**Task**.
There are pictures in the records below; leave them out and set down exactly the lines from the one holding "Where in India, recently" through the one holding "Мужской инструмент для".

**Excerpted data**.

———

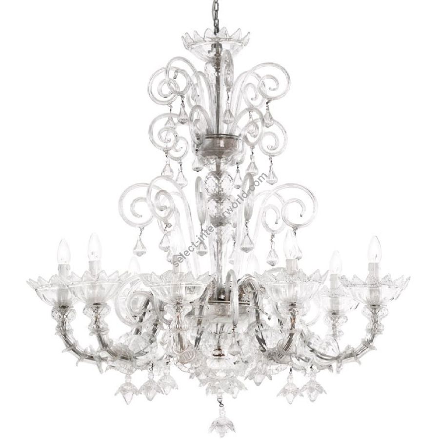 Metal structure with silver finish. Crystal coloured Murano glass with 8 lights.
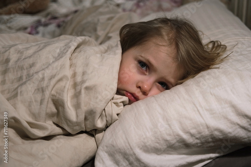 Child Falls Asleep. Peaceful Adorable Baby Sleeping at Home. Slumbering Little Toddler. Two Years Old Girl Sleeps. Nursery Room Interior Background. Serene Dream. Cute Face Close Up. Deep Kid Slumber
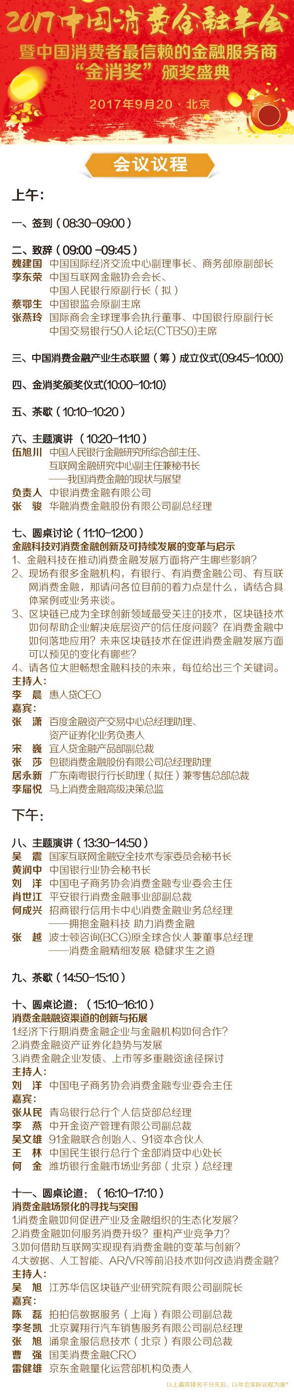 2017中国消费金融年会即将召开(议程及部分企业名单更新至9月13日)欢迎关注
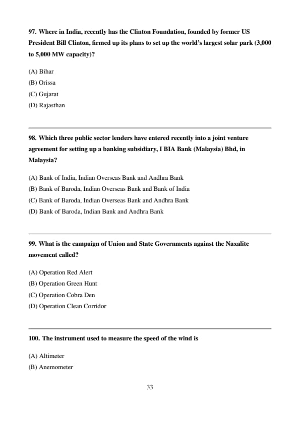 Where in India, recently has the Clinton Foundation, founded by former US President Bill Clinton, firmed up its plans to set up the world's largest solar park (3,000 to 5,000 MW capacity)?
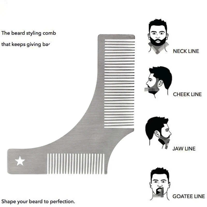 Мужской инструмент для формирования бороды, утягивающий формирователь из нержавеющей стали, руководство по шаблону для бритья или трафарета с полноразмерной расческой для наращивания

———

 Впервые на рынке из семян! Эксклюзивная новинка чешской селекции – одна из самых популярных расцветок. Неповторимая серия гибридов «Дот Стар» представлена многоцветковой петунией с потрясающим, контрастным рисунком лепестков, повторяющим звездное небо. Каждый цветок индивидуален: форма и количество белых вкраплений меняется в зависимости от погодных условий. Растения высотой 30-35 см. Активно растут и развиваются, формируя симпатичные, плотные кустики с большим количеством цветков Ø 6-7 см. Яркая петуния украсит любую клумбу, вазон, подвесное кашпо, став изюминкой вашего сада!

———

**Exercise output**.
 Where in India, recently has the Clinton Foundation, founded by former US President Bill Clinton, firmed up its plans to set up the world's largest solar park (3,000 to 5,000 MW capacity)?
 Мужской инструмент для формирования бороды, утягивающий формирователь из нержавеющей стали, руководство по шаблону для бритья или трафарета с полноразмерной расческой для наращивания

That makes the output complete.